Despite the rapturous reception received by James Gallagher for his submission victory over Anthony Taylor just minutes before, there was something of a muted reception to the Bellator 169 main event between ‘King’ Muhammed Lawal and Satoshi Ishii in Dublin’s 3Arena on Friday night.
Lawal won a clear unanimous decision but left the cage frustrated at the performance put forth by both him and his opponent. With Ishii hesitant to engage, Lawal couldn’t quite figure out a way to bait his opponent to exchange within the 15 minutes and in his post-fight media scrum, apologised to the fans for the action (or lack thereof, as he saw it) in the cage.
“I want to apologise to the people in Ireland”, said as posted by Obviously Fight Talk. “That was a horrible performance. I was trying to go out there and fight his ass [but] he had 20 pounds on me. If figured it was judo vs. wrestling, he’d come press the action, I’d press the action, I’d walk him down.
“I hit him a few times but he was running. I feel bad because Ireland is the first country where people treated me good, you know what I’m saying? I feel like I’m a black Irishman. I went to malls, I went to Nando’s…everywhere I went I got love. People taking pictures with me, [they] were respectful. I don’t get that in America like that. I do get some love but I get a lot of hate… I didn’t get no hate.”
Lawal cited never having faced an opponent as unwilling to take risks as Ishii as the reason for not being able to impose his game on him. His disappointment in the fight was amplified, Lawal said, by him wanting to trade punches with his opponent to pay homage to Ireland’s rich history of producing world champions in the boxing ring.
“I’ve never really experienced it too much. I’ve trained with him before in the past, he knows me, he knows he’s bigger than me. I came in light because I didn’t care and I was hoping that he would try to bring the fight and he didn’t so I was thinking what can I do to lull him. Maybe I should have taken more risks so I could counter-punch him. I really don’t know [what happened]. I think once I hit him he was in survival mode. And now I’m going to go back to America and hear the bullshit about being boring, blah blah blah.
“I was trying to bang him out. I was trying to go Tyson Fury on his ass! Andy Lee, Steve Collins — Ireland has a great history of boxing, so I was trying to showcase that a little. Everything I trained for didn’t even show up. I’m sorry again, man. This is embarrassing. Between Italy and Ireland, you are fight cultures. If you come to a place that has a fight culture, you better fight. That’s what I was trying to do and I failed miserably.”

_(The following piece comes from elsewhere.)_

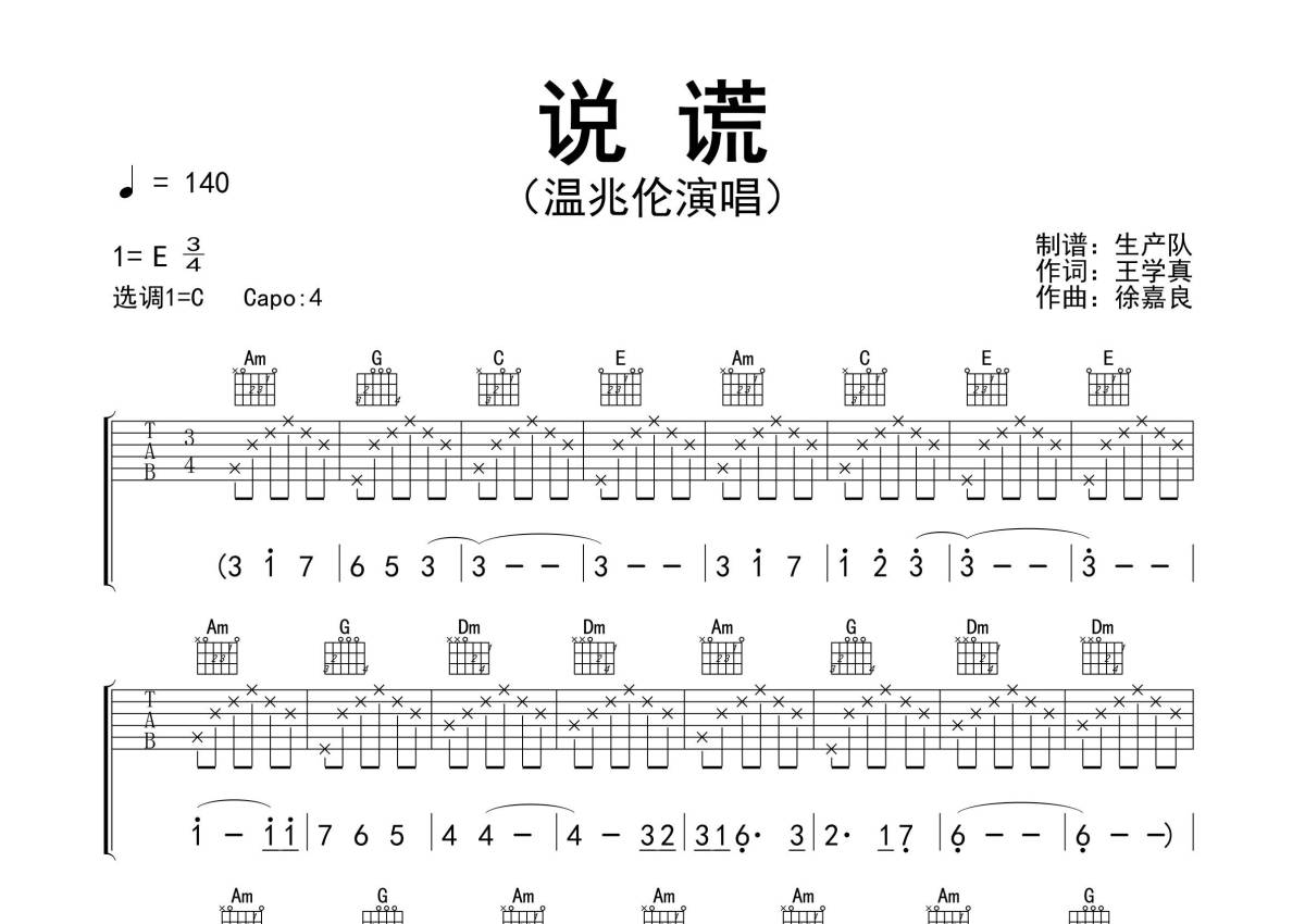 温兆伦《说谎》吉他谱 - C调弹唱六线谱 - 精编完美版

With something of a bitter taste in his mouth from his first experience of fighting in Ireland, Lawal says he wants to come back to Dublin with Bellator — but this time with one of SBG’s best in the main event.
“How about this. I’ll come back here and since James Gallagher put on a good show, let him main event and I’ll co-main event. This is his place. As long are y’all are happy, let me go out there first and let him finish it off.”